California to give $2,500 training grant to workers who lost jobs during pandemic
Living through a pandemic sucks, but for Diana McLaughlin, early 2020 was especially bad: A divorce in February 2020, societal shut-down in March, and as part of the COVID-19 economic fallout, she lost her job in April of that year, returning to full-time work only 18 months later.
California lawmakers had economically distressed folks like McLaughlin in mind when last year they approved half a billion dollars on education grants worth $2,500 to help workers displaced by the pandemic acquire new job-related skills.

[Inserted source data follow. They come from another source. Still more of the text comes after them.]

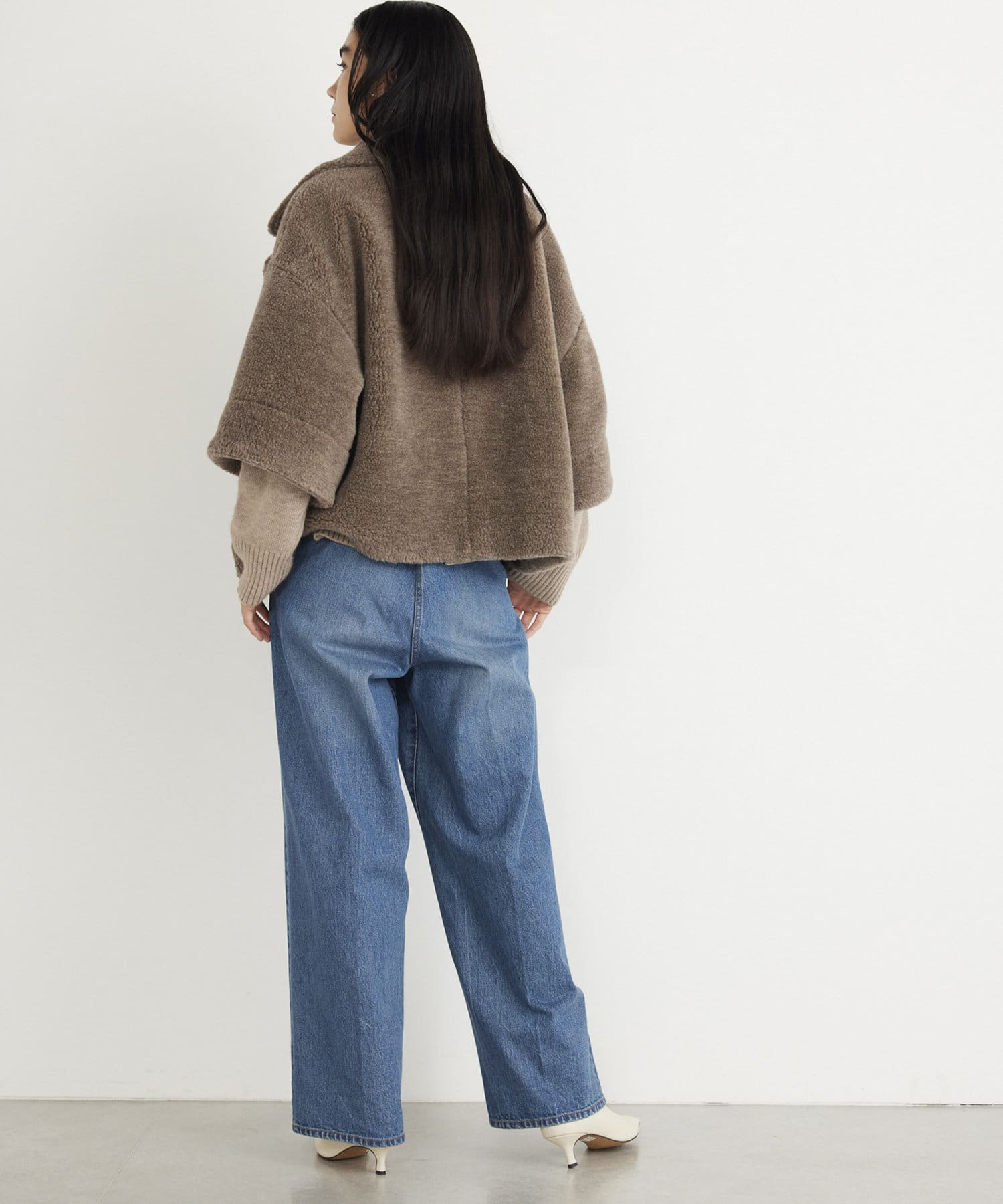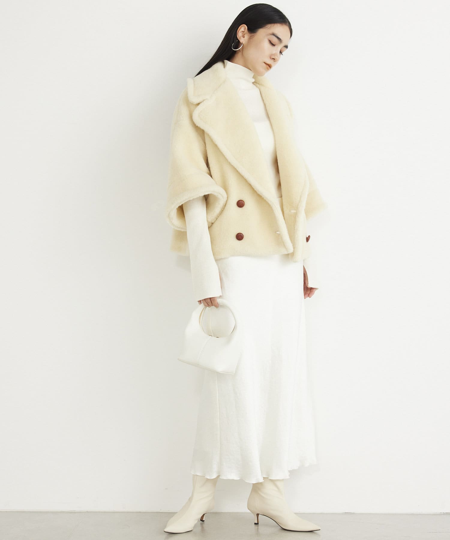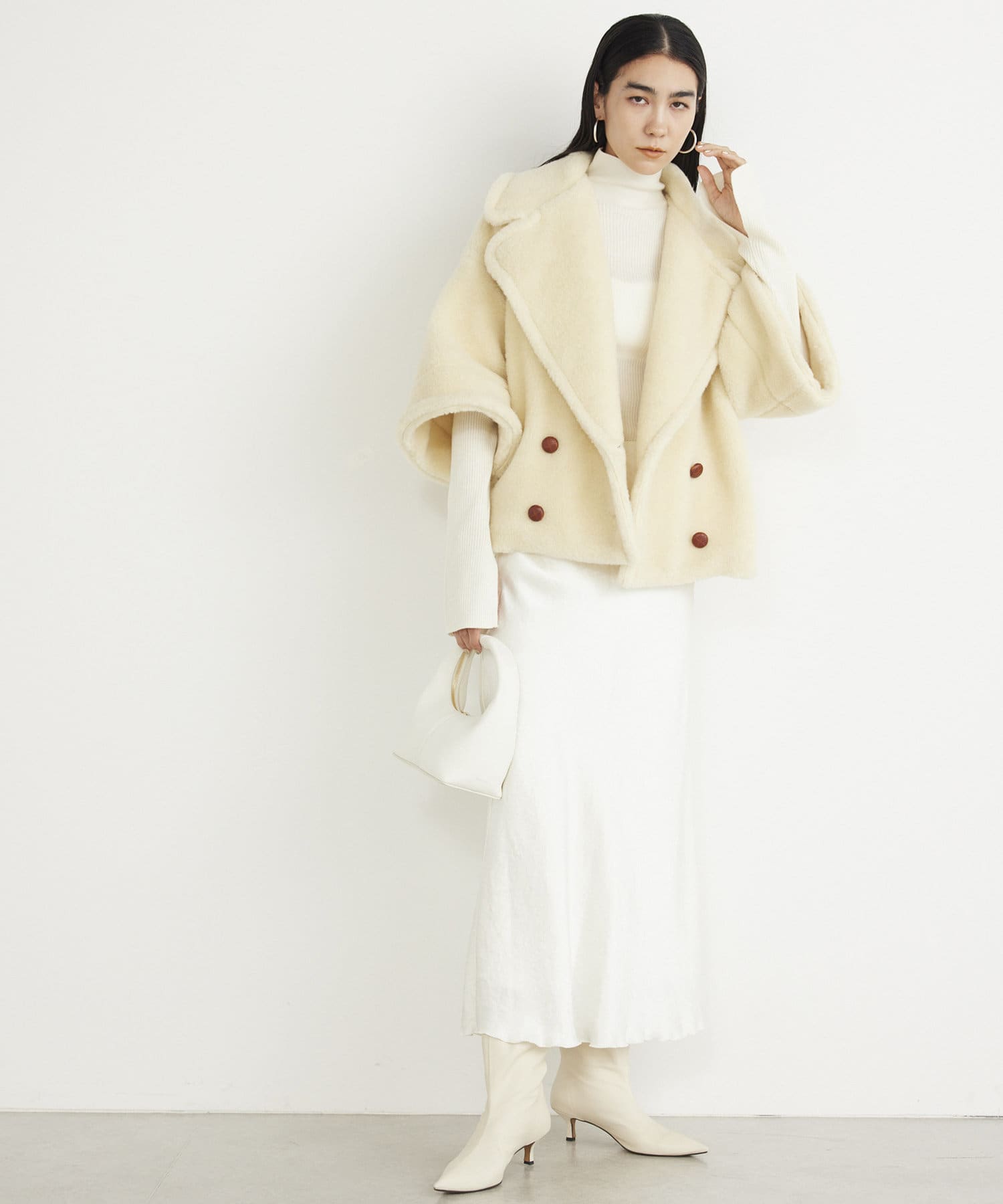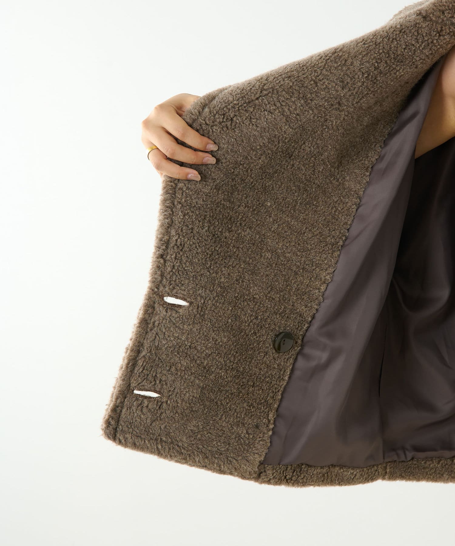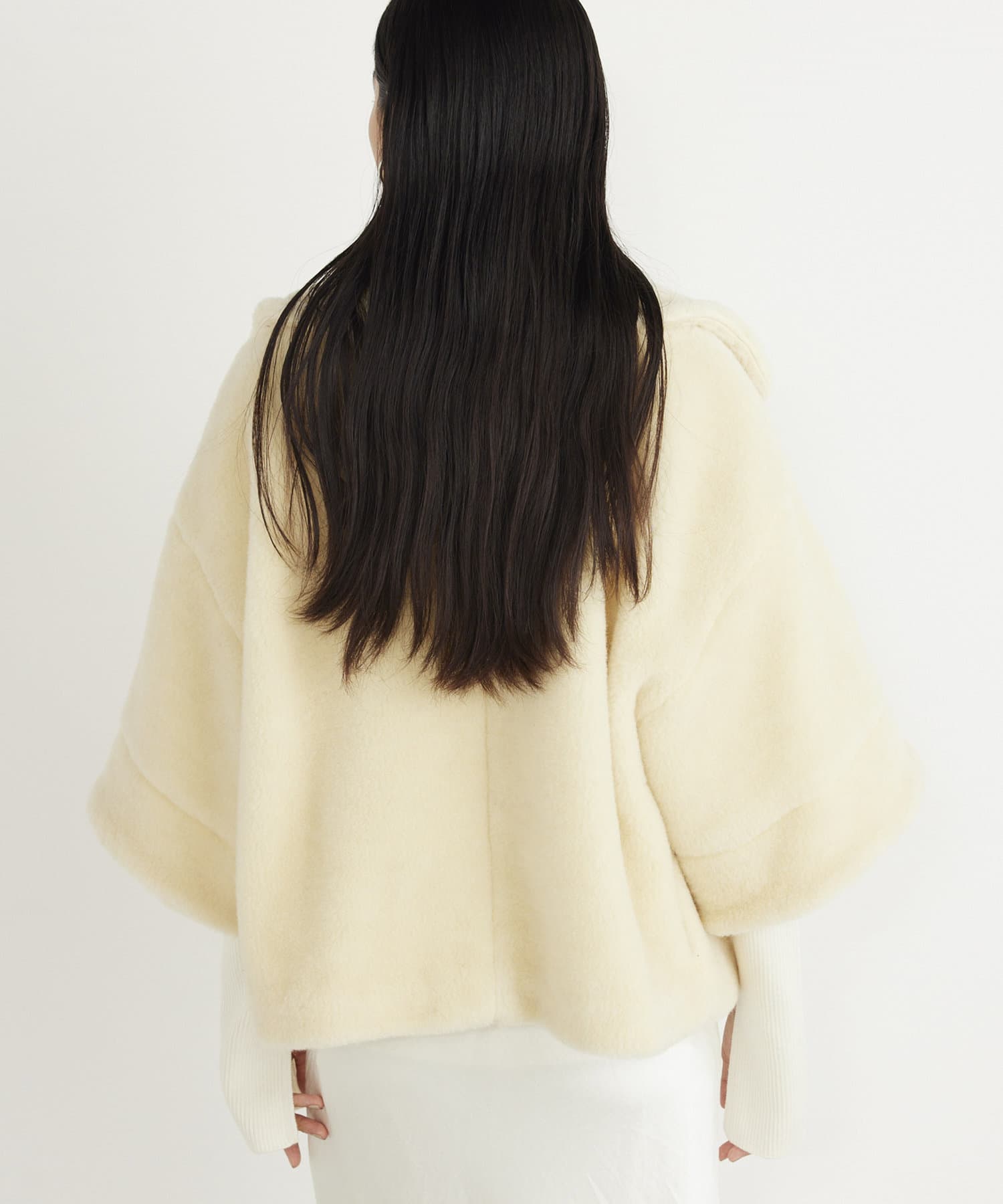 ■ウールボアならではのモコモコとした生地が存在感抜群のショートコート。
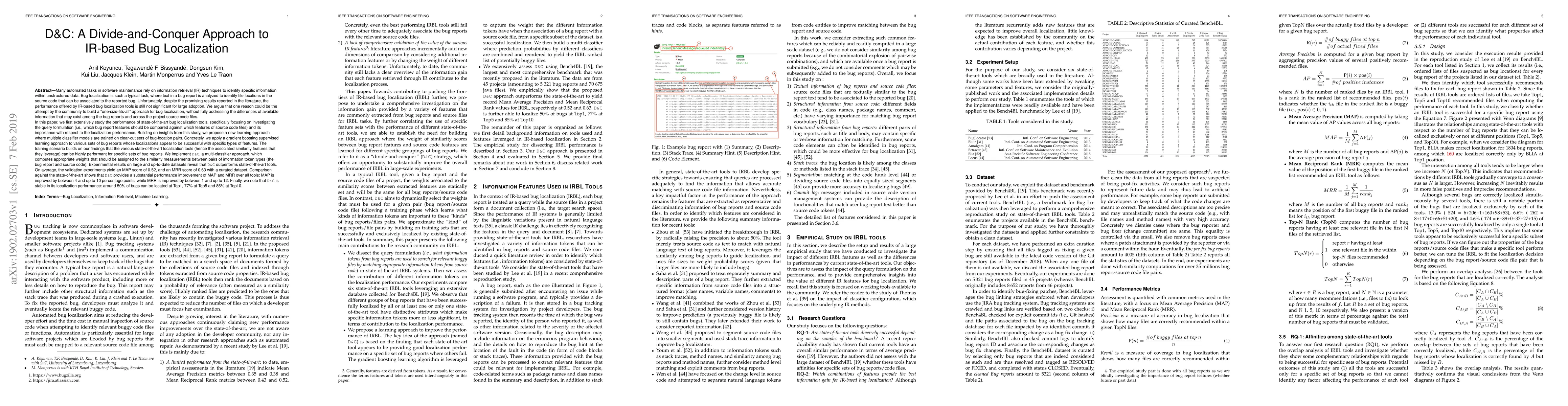 This paper proposes D&C, a divide-and-conquer approach to improve IR-based bug localization by training multiple classifier models on distinct sets of bug-location pairs. Experimental results show D&C significantly outperforms existing tools, achieving a MAP score of 0.52 and an MRR score of 0.63, with notable improvements in both metrics.
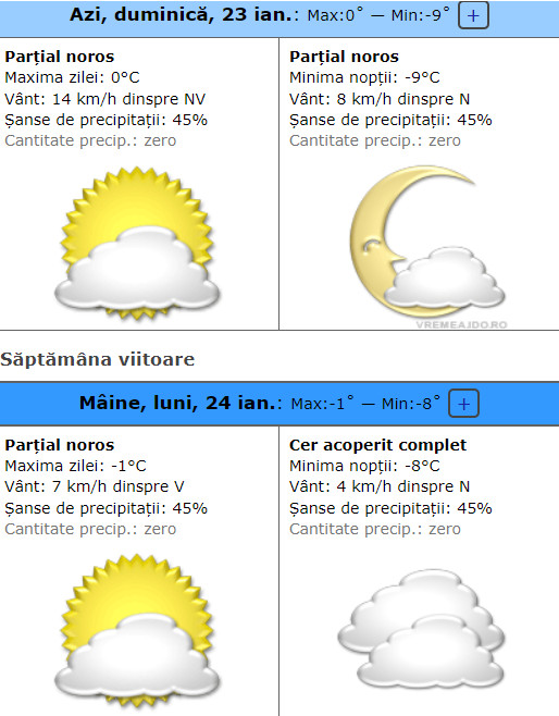 Meteorologii anunță o vreme rece în majoritatea zonelor țării, dimineața și noaptea, vremea va fi deosebit de geroasă, cerul va avea înnorări persistente în est şi la munte, şi temporare în restul teritoriului.
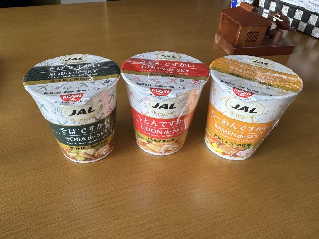JALの機内で頼むと用意してもらえる、そば・うどん・らーめんです。
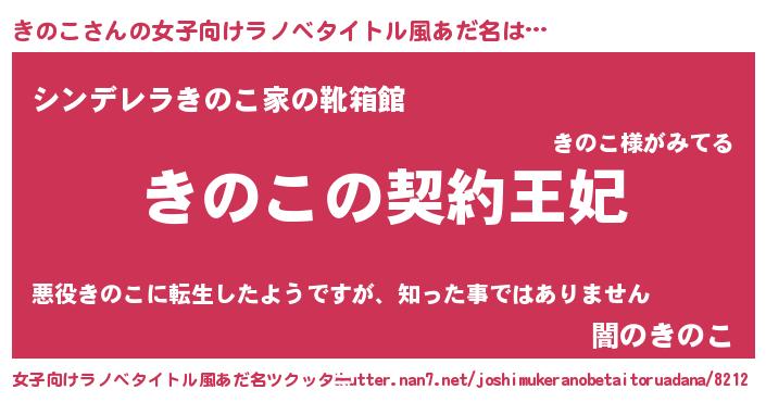 | 男性向けラノベタイトル風あだ名 | 『きのこという概念が存在しない退屈な世界 』 |
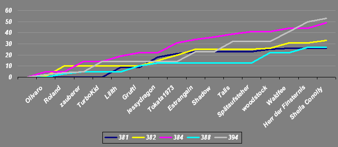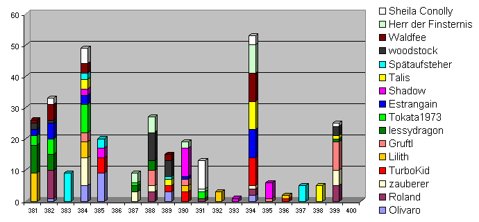 Bitte gebt wieder eure 5 Favoriten an, wobei Platz 1 die meisten Punkte und Platz 5 die wenigsten Punkte bekommt (Nach dem System 9-5-3-2-1).
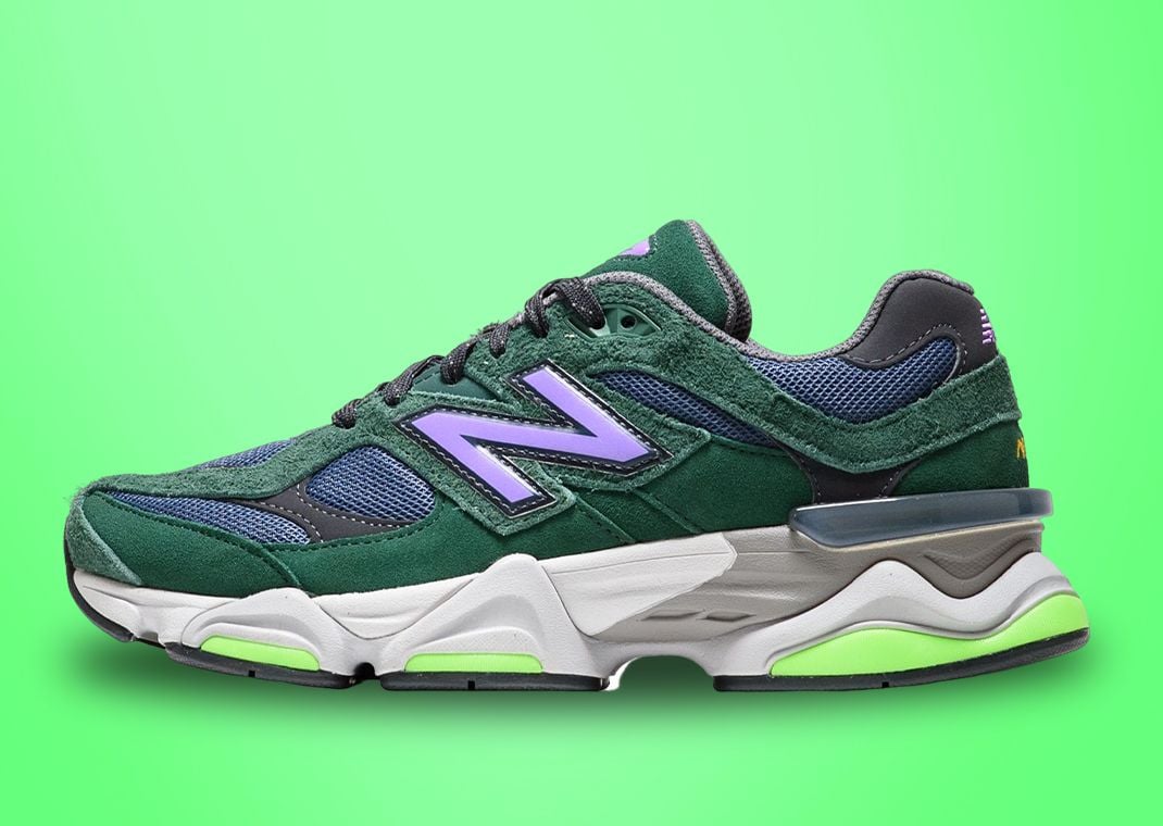 Taking on the all-new sneaker, the "Nightwatch" works on top of a breathable blue base and is overlaid by lush green suede panels across the board. Clean lilac accents hit the New Balance branding on the sidewalls, tongue, and heel, and additional purple tones can be found speckled throughout the flat laces. Of course, you can't talk about the 9060 without mentioning the extra chunky midsole. Spotted here in a white and lime green color scheme, the bulbous proportions nod to NB sneakers of the past and the future. This is then finished off with a see-through heel clip that wraps around the back of the shoe, finalizing the one-of-a-kind design.
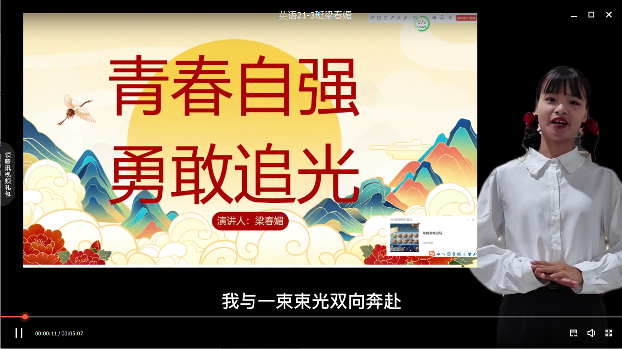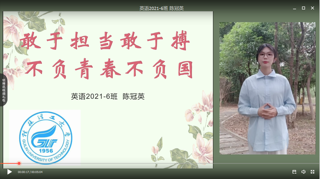 选手们围绕“青春自强,勇毅前行”主题,在视频中分享了自己自立自强,敢于挑战自我的事迹,充分展示了自我风采面与自强不息的精神,书写了当代大学生克服困难的精彩篇章。最后,宣布唐琴等10位同学获评外国语学院2020-2021学年“自强之星”荣誉称号,本次线上答辩会圆满结束。
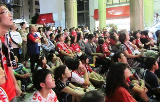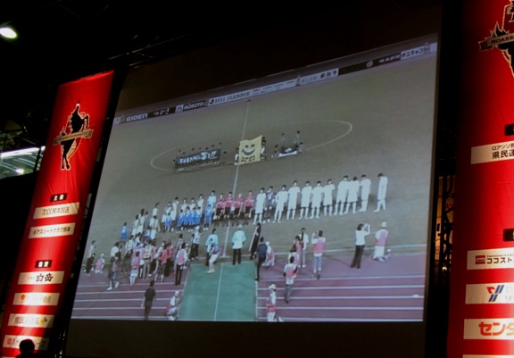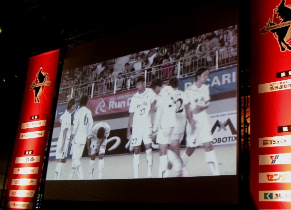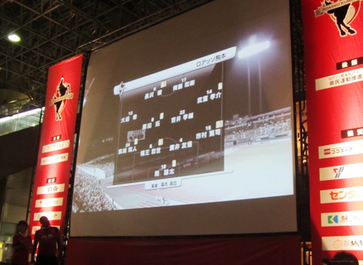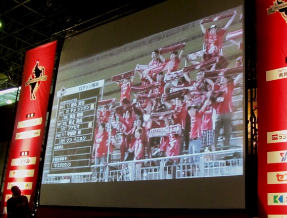 ほぼ等身大で映るゴール裏。映る度に客席からどよめきが起きるし(^^;)
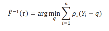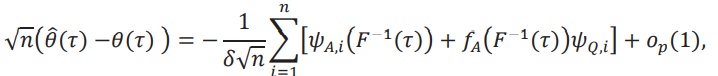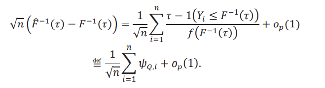 donde 𝜌𝜏(u) es la función check de Koenker y Bassett (1978): 𝜌𝜏(u) = [𝜏 − 1(u ≤ 0)]u. Un resultado estándar que se puede encontrar, por ejemplo, en el corolario 21.5 de van der Vaart (1998) es que los cuantiles son asintóticamente normales con la siguiente función de influencia:

McLaughlin is among the first 3,000 or so recipients of this grant, adult learners who were issued checks in a pilot program this spring and summer. Now the state is opening the grant to a wide range of adults with low incomes who lost their jobs or saw their hours severely cut during the pandemic. Half of the grant funds are reserved for displaced workers with children under 18.
Officials expect to reach 190,000 people with this money, called the Golden State Education and Training Grant Program.
Among the few stipulations to receive the grant, applicants must fill out a short application that takes about 10 minutes to complete and attest that they lost a job or hours after March 4 2020, when Gov. Gavin Newsom declared a state of emergency. Applicants also must affirm that they weren’t enrolled in an educational or job-training program when they lost their jobs. There’s an income threshold as well.
Part of what makes the application quick to complete is how little it asks. Unlike other grant applications for college, this one is self-reported and self-certified, wrote Judith Gutierrez, spokesperson for the state financial aid agency running the grant, in an email. “We are not requesting any documentation,” she added.
McLaughlin wasted no time once she received her grant in June, 2022. After taking courses part-time at American River College, a community college in Sacramento, since October of 2020, she decided to go full-time to pursue her first ever-degree this fall and chose accounting as her major.
The $2,500 is paying for her textbooks, software required for schoolwork and other supplies — anything remaining she’s putting in a personal education account. Though she receives tuition waivers as part of a state financial aid program and additional dollars through the Cal Grant, the Golden State grant gives her extra confidence that she can afford an education while earning around $38,000 a year.
“I spend my lunch break doing schoolwork,” she said. After returning from the office, she takes her associate degree courses online. McLaughlin’s younger son is a virtual charter school student, so the two complete their homework side by side.
“I feel that it’s showing him how important an education is and to never give up because here I am, 47, and in college,” she said.
Expanding financial aid in California
At first blush the Golden State Education and Training grant, which will last through 2024 and is funded mostly through one-time federal stimulus funds, is yet another example of the state’s growing effort to lower the cost of college for adults and bring more Californians into college classrooms.
In the past two years, public funding grew by nearly 50% for the California Student Aid Commission, which oversees most of the higher-education grant aid to students, to nearly $3.6 billion. That growth includes more tuition and cash support for community college students, middle-class students at the University of California and California State University, students formerly in foster care, students raising children and the Golden State training grant, among others.
But the Golden State grant’s eligibility rules start where other state and federal grants drop off, extending cash assistance to would-be students who otherwise wouldn’t be eligible for traditional college financial aid.
The Golden State grant can cover education programs that are shorter than about four months — something the federal Pell and state Cal Grant do not. Students receiving the Golden State grant may also use the money for extension and so-called noncredit programs, such as English-as-a-second-language courses, bicycle repair and various landscaping certificates. There’s no minimum program length for this grant — and because state dollars cover some of the grant costs — undocumented students are also eligible for the $2,500. Anyone getting the grant needs to already know which training program they plan to pursue.